Publication year - 2017
Publication title -
european journal of heart failure
Language(s) - English
Resource type - Journals
SCImago Journal Rank - 5.149
H-Index - 133
eISSN - 1879-0844
pISSN - 1388-9842
DOI - 10.1002/ejhf.887
Subject(s) - medicine , hazard ratio , heart failure , ivabradine , ejection fraction , guideline , medical prescription , cardiology , confidence interval , digoxin , heart rate , blood pressure , pharmacology , pathology
Aims To evaluate the impact of physicians' adherence to guideline‐recommended medications for heart failure with reduced ejection fraction ( HFrEF ), including ≥50% prescription of recommended doses, on clinical outcomes at 6‐month follow‐up.
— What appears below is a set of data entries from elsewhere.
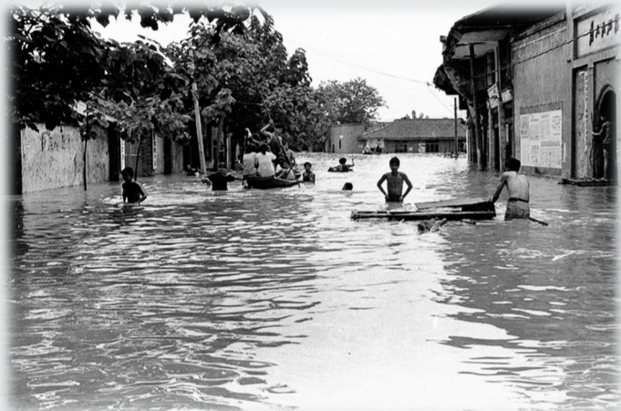
洪水中的塔耳门 摄于1981年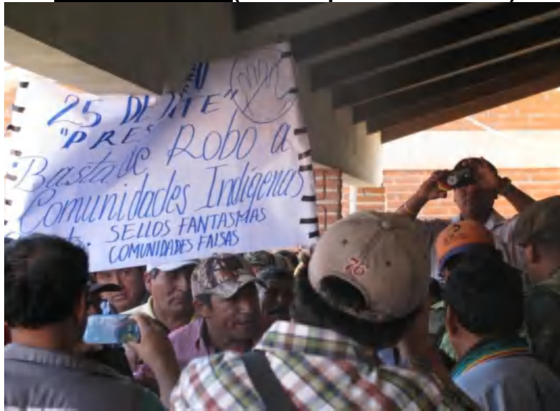
Presencia de la Comunidad 25 de Mayo, para que sean tomados en cuenta en el proceso eleccionario.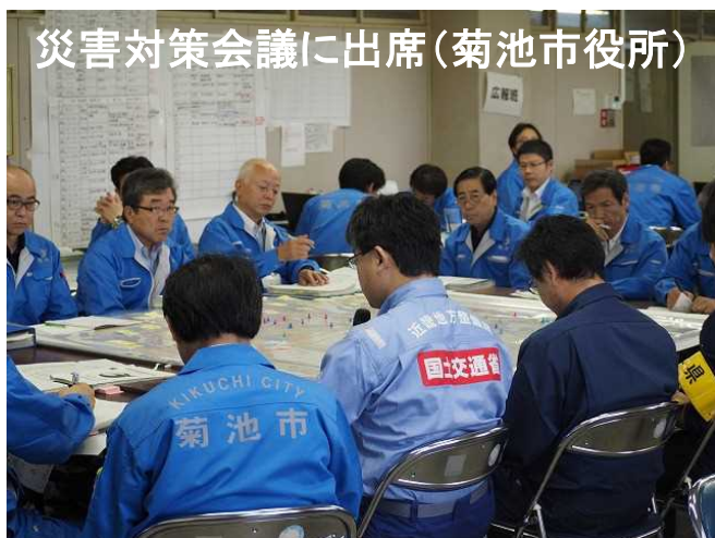
災害対策会議に出席(菊池市役所)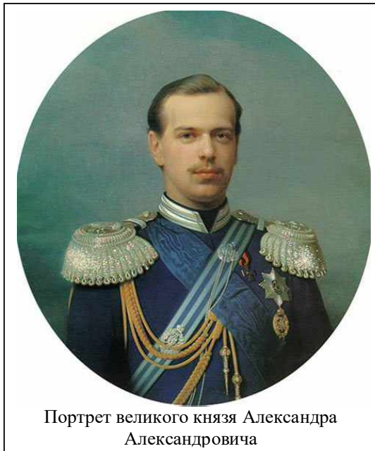
Портрет великого князя Александра Александровича

Александр III родился 26 февраля 1845 года и был вторым сыном императора Александра II . Он не готовился наследовать престол, и получил, как подобает великому князю, в основном военное образование. Однако когда ему было 20 лет, его старший брат Николай внезапно скончался. Александр был провозглашён цесаревичем и наследником престола.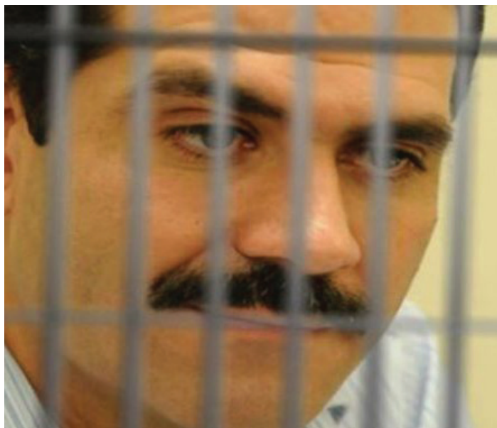
QUE BUEN SHOW PUBLICITARIO SE TRAEN LOS JUECES FEDERALES CON EL CASO DE GUILLERMO PADRÉS ELÍAS; ex gobernador de Sonora que trajo el agua desde la presa el novillo (varios kilómetros) al pueblo sediento de Hermosillo y se acabaron los tandeos, con la obra millonaria del ACUEDUCTO

Pero eso no le interesa al pueblo de la CACAREADA transparencia de los gastos, porque hay cosas más importantes que hacer como combatir la pobreza ya que aquí en Sonora el 29% de la población vive en pobreza y el 2.5% en pobreza extrema, que haya cupo en las preparato-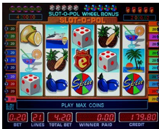
Fig.1 Slot-o-pol видеослот

-5 символов DICE (игральные кости) на активной линии включают бонус игру SLOT-O-POL BONUS. Игрок бросает кости до 7 раз.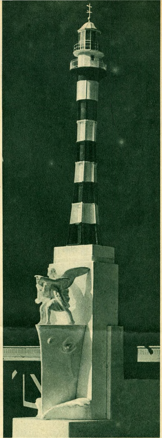
A tengerész-emlékmű modellje.

hogy a támadás géniusza vezeti a tengerészt. A nagyháboruban a monarchia hajóhadát erőssé és naggyá tette az a támadó szellem, amely merész és komoly haditettek véghezvitelében nyilvánult meg. A tengerész-emlékművön egy matróz áll, figyelve a hullámokat és keresi az ellenséget, a támadás géniusza pedig kinyújtott karral mutatja neki az irányt. A matróz és a géniusz egy hajóorrán, a legendáshírű Novara hajó orrán állnak.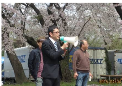
4/4日清紡美合工機支部花見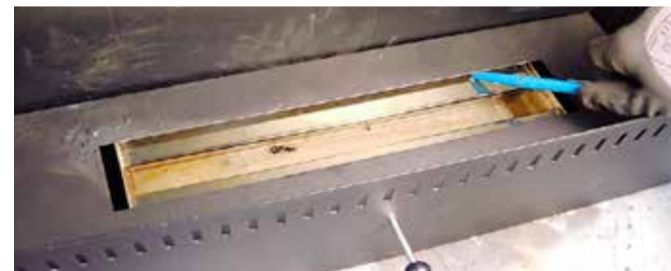
Här syns den rostfria behållaren för bränslet med den svarta horisontella plåten som ligger över behållaren. Spiller man på den svarta plåten rinner bränslet mellan frontplåten och den falsade bottenplåten och ur kaminen.

2 Läs alltid varningstext och bruksanvisning innan du tar en ny apparat eller förpackning med brandfarliga ämnen i bruk för första gången.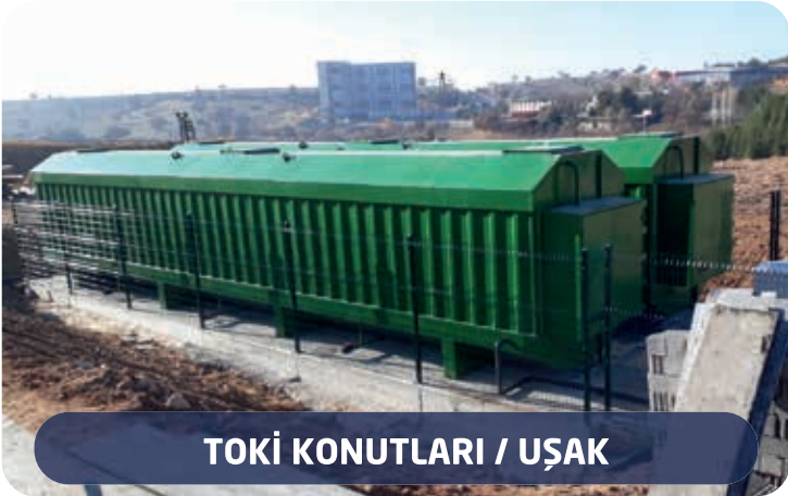
TOKİ KONUTLARI / UŞAK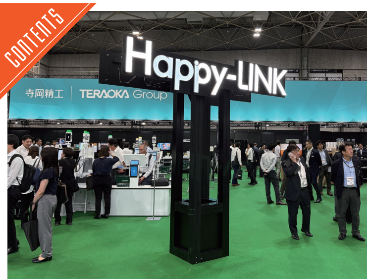
フードストアソリューションズフェア開催、寺岡精工など出展……P4

九州支局 〒812-0029 福岡市博多区古門戸町3-12 TEL092-271-7816 FAX092-291-2995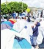
BUSCAN LOGRAR RETIRO VOLUNTARIO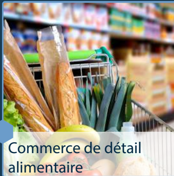
Commerce de détail alimentaire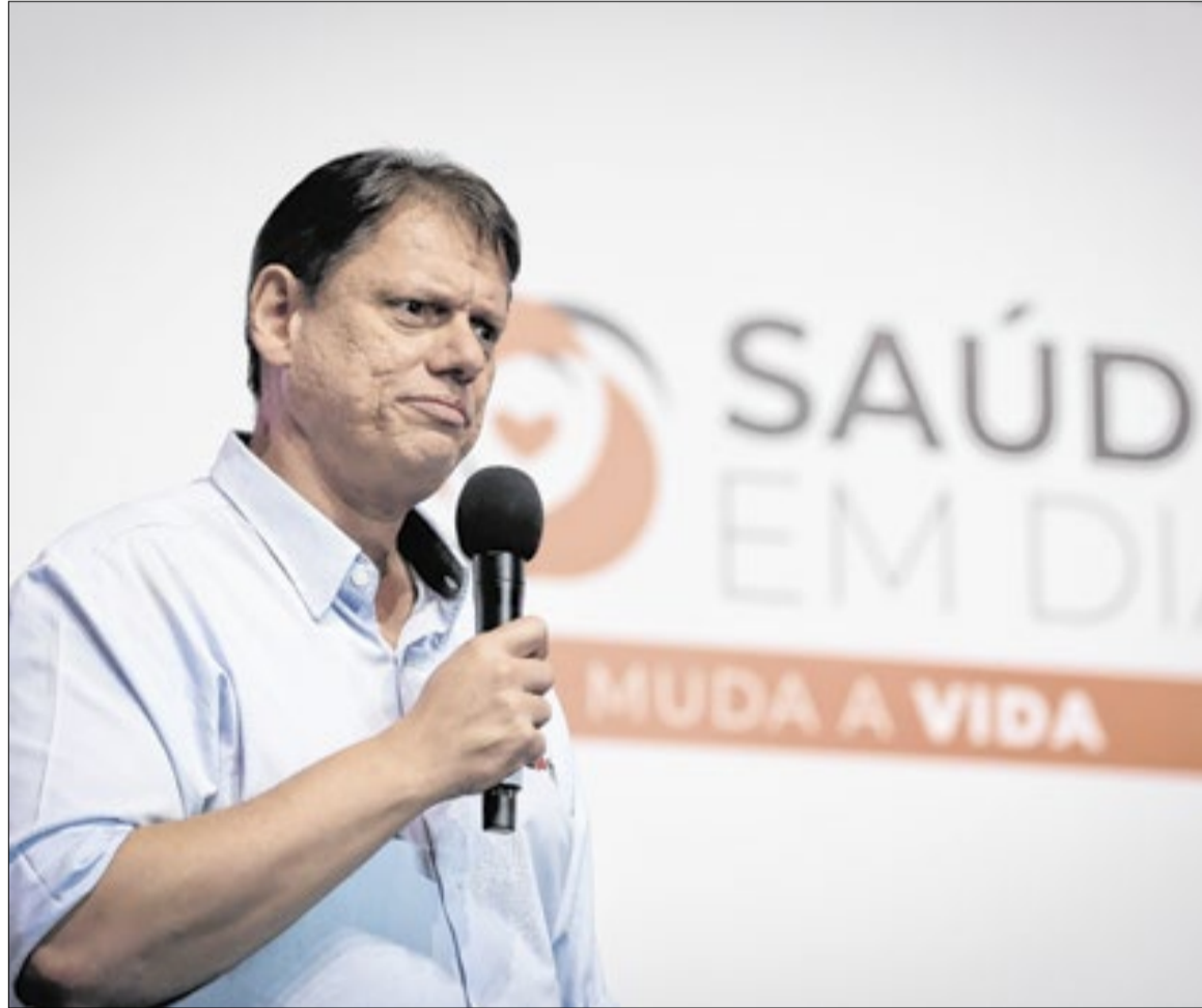
Aporte corresponde à nova parcela do IGM SUS Paulista e de transferências voluntárias

Os recursos do IGM SUS Paulista serão direcionados a ações consideradas estratégicas para a atenção primária. Entre as prioridades estão

Methods and results In QUALIFY , an international, prospective, observational, longitudinal survey, 6669 outpatients with HFrEF were recruited 1–15 months after heart failure ( HF ) hospitalization from September 2013 to December 2014 in 36 countries and followed up at 6 months. A global adherence to guidelines score was developed for prescription of angiotensin‐converting enzyme inhibitors ( ACEIs ), angiotensin receptor blockers ( ARBs ), beta‐blockers ( BBs ), mineralocorticoid receptor antagonists ( MRAs ) and ivabradine and their dosages. Baseline global adherence score was good in 23% of patients, moderate in 55%, and poor in 22%. At 6‐month follow‐up, poor adherence was associated with significantly higher overall mortality [hazard ratio ( HR ) 2.21, 95% confidence interval ( CI ) 1.42–3.44, P =0.001], cardiovascular mortality ( HR 2.27, 95% CI 1.36–3.77, P =0.003), HF mortality ( HR 2.26, 95% CI 1.21–4.2, P =0.032), combined HF hospitalization or HF death ( HR 1.26, 95% CI 1.08–1.71, P =0.024) and cardiovascular hospitalization or cardiovascular death ( HR 1.35, 95% CI 1.08–1.69, P =0.013). There was a strong trend between poor adherence and HF hospitalization ( HR 1.32, 95% CI 1.04–1.68, P= 0.069). Conclusion Good adherence to pharmacologic treatment guidelines for ACEIs , ARBs , BBs , MRAs and ivabradine, with prescription of at least 50% of recommended dosages, was associated with better clinical outcomes during 6‐month follow‐up. Continuing global educational initiatives are needed to emphasise the importance of guideline recommendations for optimising drug therapy and prescribing evidence‐based doses in clinical practice.